Mr. Bowden also reiterated the need to allow full humanitarian access to all people in need in the Afgooye corridor, located outside of the Somali capital of Mogadishu.
According to a press release of the UN-backed African Union Mission in Somalia (AMISOM), issued on Wednesday, Afgooye has for a long time been a stronghold of Al Shabaab insurgents and is a strategic junction for routes to the north, west and south of Somalia. In the so-called Operation Free Shabelle, AMISOM said that its forces, and those of the Somali National Army, have made significant progress in the last 24 hours towards Afgooye town, with the aim of bringing security to the 400,000 people located inside the Afgooye corridor.

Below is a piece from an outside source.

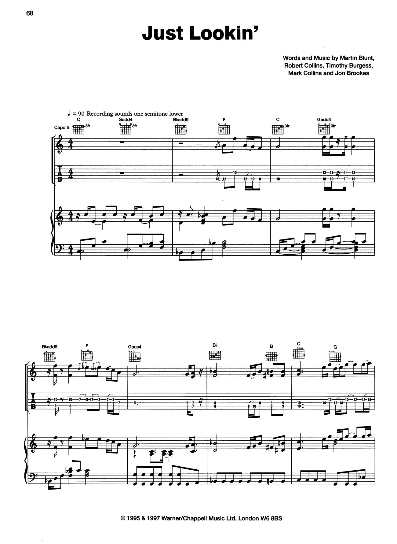 The Charlatans Just Lookin' sheet music, chords, lyrics - Printable PDF for Piano, Vocal & Guitar (Right-Hand Melody)

“While remaining strictly neutral and independent of political and military processes, humanitarian actors are coordinating preparations to ensure immediate assistance is available to civilians most affected by military activities in the corridor,” Mr. Bowden added in his statement.
The UN Office for the Coordination of Humanitarian Affairs has previously said that an upsurge in conflict in the corridor will most likely lead to a further displacement of internally displaced people (IDPs) from the corridor into Mogadishu and surrounding areas. The number of IDPs in the capital is currently estimated at 184,000.

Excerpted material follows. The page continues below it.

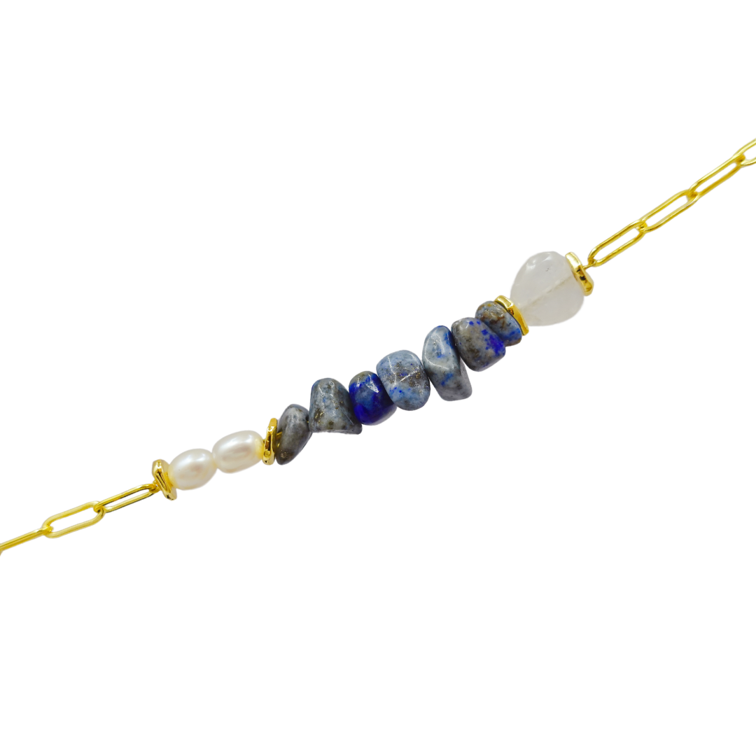 This bracelet features lapis lazuli chips as the central stone,

After decades of warfare, Somalia has been undergoing a peace and national reconciliation process, with the country’s Transitional Federal Institutions in the process of implementing a roadmap, devised in September last year, that spells out priority measures to be carried out before the current transitional governing arrangements end on 20 August.
Until last year, most of Mogadishu was, for several years, riven by a fluid frontline dividing the two sides – fighters belonging to the Al Shabaab movement and troops belonging to Somalia’s Transitional Federal Government, with the latter supported by AMISOM’s peacekeeping forces.
Since the Al Shabaab withdrawal from the capital’s central parts in August last year, the frontlines were pushed back to the city’s surrounding area. However, the use of roadside bombs, grenades and suicide bombers is still a regular occurrence, and outbreaks of fighting still take place.